EXERCISE BRIEF — With pictures excluded, repeat exactly the lines from the one containing "Muránói üveg nyaklánc" through the last line of the material below.

THE DATA —
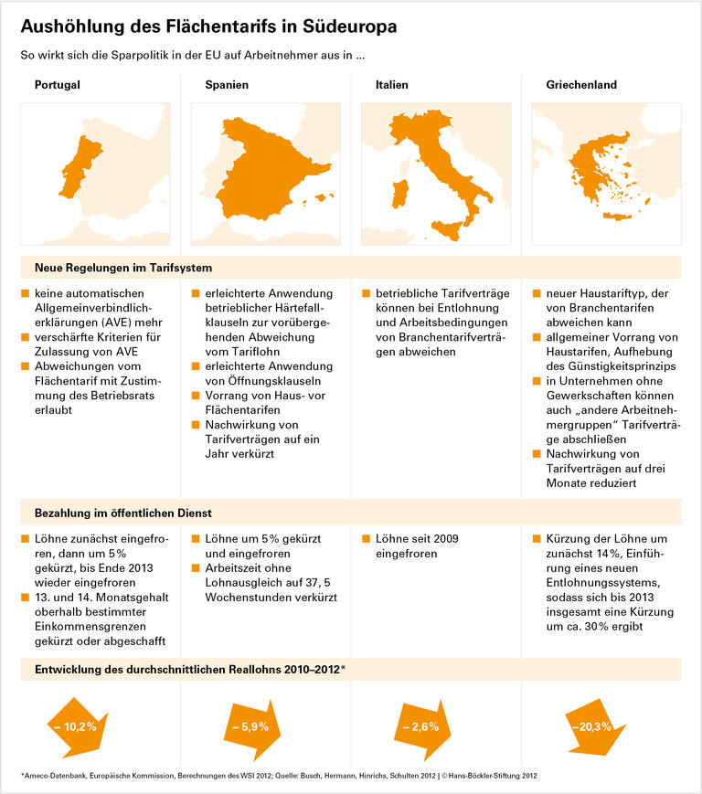 „In den nach wie vor stark klein- und mittelständisch geprägten Ökonomien Südeuropas“ werde dies zu einem drastischen Wandel der Lohnpolitik, einer rückläufigen Tarifbindung und schließlich einer „weitreichenden Individualisierung der Lohnverhandlungen“ führen, erwartet Schulten. Gleichzeitig wurden die Gehälter öffentlich Beschäftigter vielfach eingefroren, zum Teil auch gekürzt.
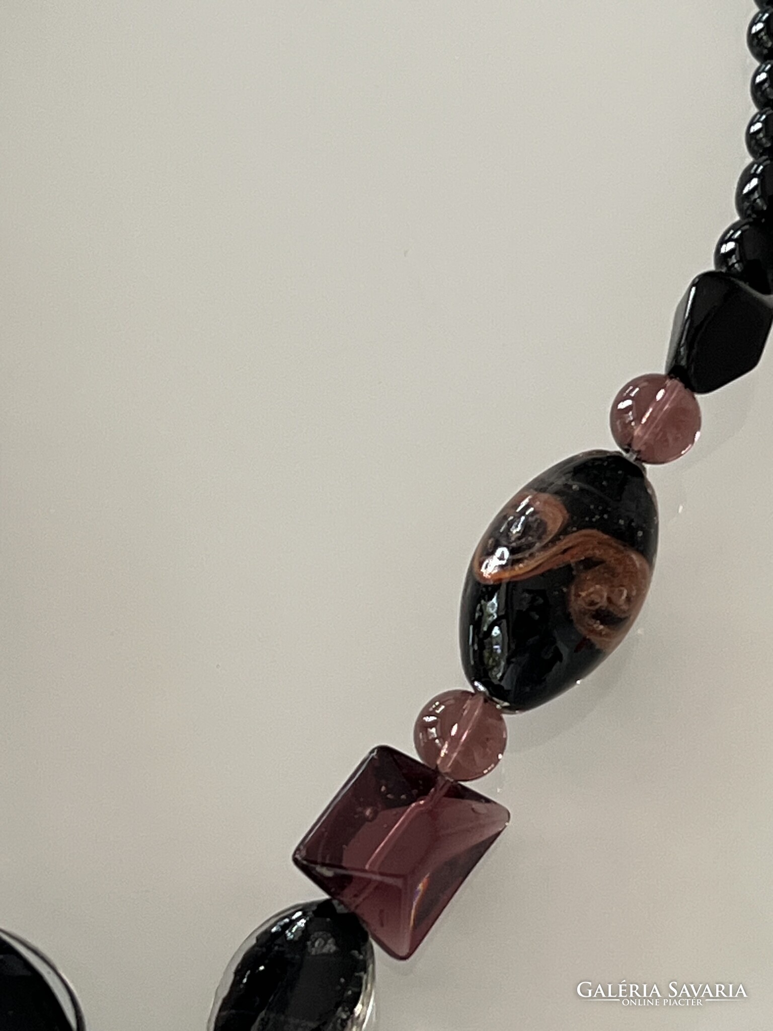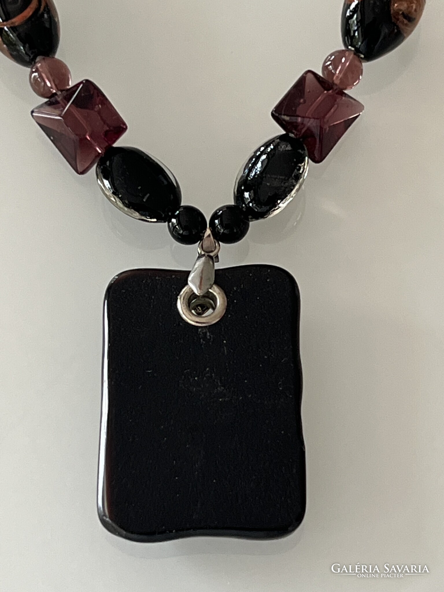 Muránói üveg nyaklánc különlegesen szép medállal. A nyaklánc fő színei a padlizsán és a fekete. A medál 7 x 4 cm, a nyaklánc 50 cm hosszú. Hibátlan darab.
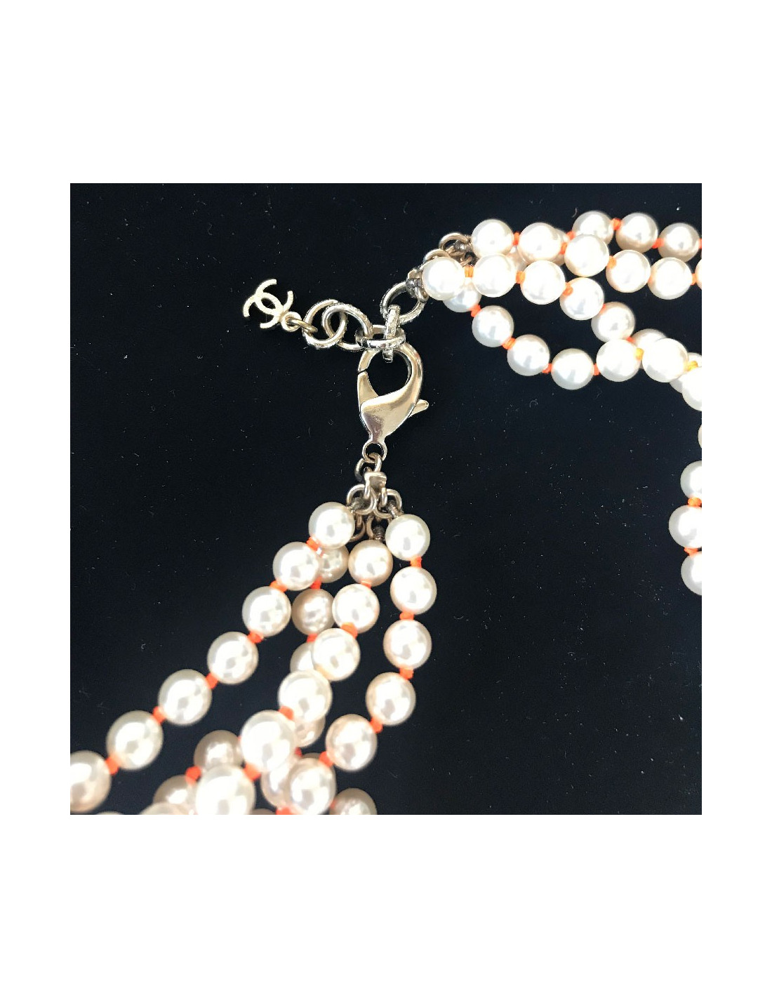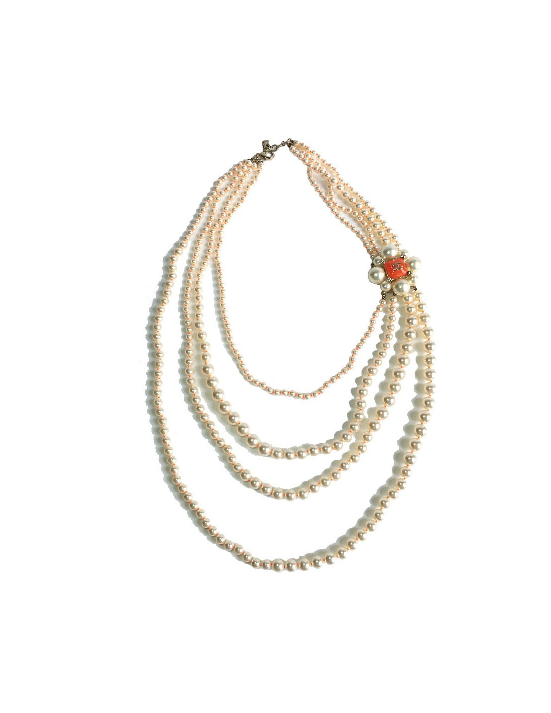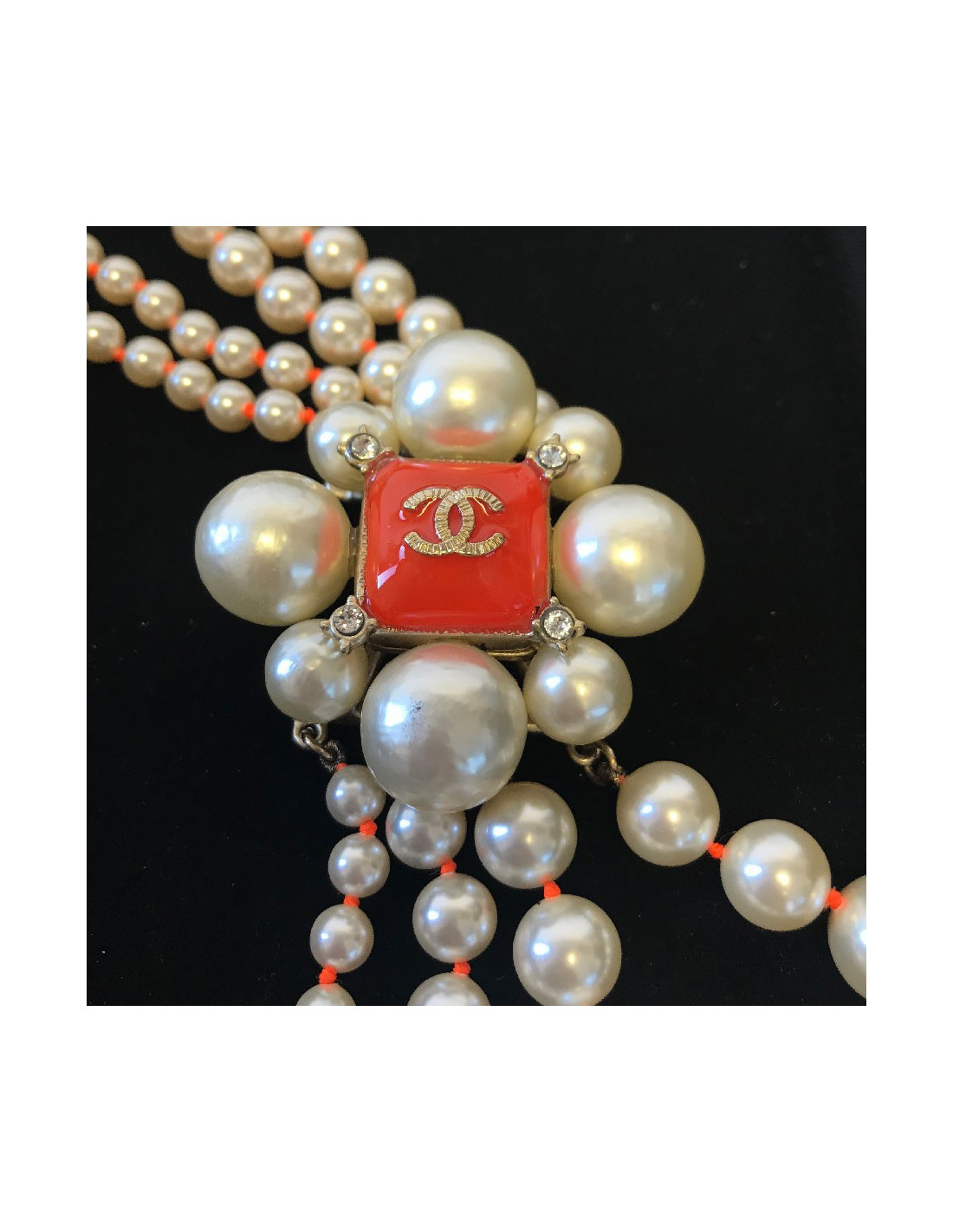 CHANEL necklace with 4 row of pearls and orange molten glass

RESPONSE AREA —
 Muránói üveg nyaklánc különlegesen szép medállal. A nyaklánc fő színei a padlizsán és a fekete. A medál 7 x 4 cm, a nyaklánc 50 cm hosszú. Hibátlan darab.
 CHANEL necklace with 4 row of pearls and orange molten glass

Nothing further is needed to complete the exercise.